Pour sa première participation à des élections, le Parti Pirate français réalise un score très honorable avec un peu plus de 2 % des voix dans le fief UMP de la 10ème circonscription des Yvelines. Un résultat encourageant si l'on observe l'histoire du Parti Pirate suédois.

Pari gagné. « Il s’agit de notre première candidature, il y a trois semaines personne ne nous connaissait, et nous n’avons pas pu faire de distribution de tracts ou même d’affiches. Quel que soit le résultat, ce sera déjà un signal fort, et nous ne pourrons espérer que progresser par la suite« , avait prévenu avant le scrutin le candidat du Parti Pirate français, Maxime Rouquet. Dimanche, pour sa toute première expérience électorale, le Parti Pirate a obtenu 2,06 % des voix lors du premier tour des élections législatives partielles de la 10ème circonscription des Yvelines.

Un score pas si ridicule que cela celui si l’on observe que des partis historiquement très bien implantés dans le paysage politique national, comme le Front National (4,03 %) ou le Parti Communiste Français (4,72 %), ne sont pas si loin. Le Parti Pirate a obtenu 469 suffrages dans un scrutin qui n’a mobilisé que 23 % des électeurs inscrits, loin derrière les 9993 votes du candidat UMP Jean-Frédéric Poisson (43,92 %), ou les 4583 voix de l’écologiste Anny Poursinoff (20,15 %). Le Parti Socialiste n’a gagné que 12,44 % des voix avec 2829 bulletins de vote.

Le score du Parti Pirate est d’autant moins ridicule qu’il faut observer l’exemple suédois. Lors de sa première candidature, aux élections législatives de 2006, le Parti Pirate n’avait gagné que 0,6 % des voix. Trois années plus tard, aux élections européennes, ils ont réalisé un score de 7,1 %, suffisant pour envoyer leur tête de liste au Parlement Européen.

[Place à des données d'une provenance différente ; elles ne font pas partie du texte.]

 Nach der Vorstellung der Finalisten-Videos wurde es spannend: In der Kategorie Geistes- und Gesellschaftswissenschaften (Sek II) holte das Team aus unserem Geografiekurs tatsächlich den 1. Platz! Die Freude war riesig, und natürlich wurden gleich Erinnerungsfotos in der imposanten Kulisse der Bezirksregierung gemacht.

Pour réaliser cette fabuleuse ascension, le Parti Pirate suédois avait bénéficié d’un climat juridique et politique favorable avec le procès de The Pirate Bay, ce qu’a eu en partie le Parti Pirate français avec l’adoption de la loi Hadopi et le projet de loi Loppsi. Mais le Piratpartiet avait aussi et surtout fait montre d’une extraordinaire capacité à mobiliser sa base, à s’inviter dans les médias et à s’organiser avec un discours structuré et des représentants d’un très grand professionnalisme. Des qualités que le Parti Pirate français doit encore démontrer s’il veut se donner les meilleures chances pour les législatives de 2012.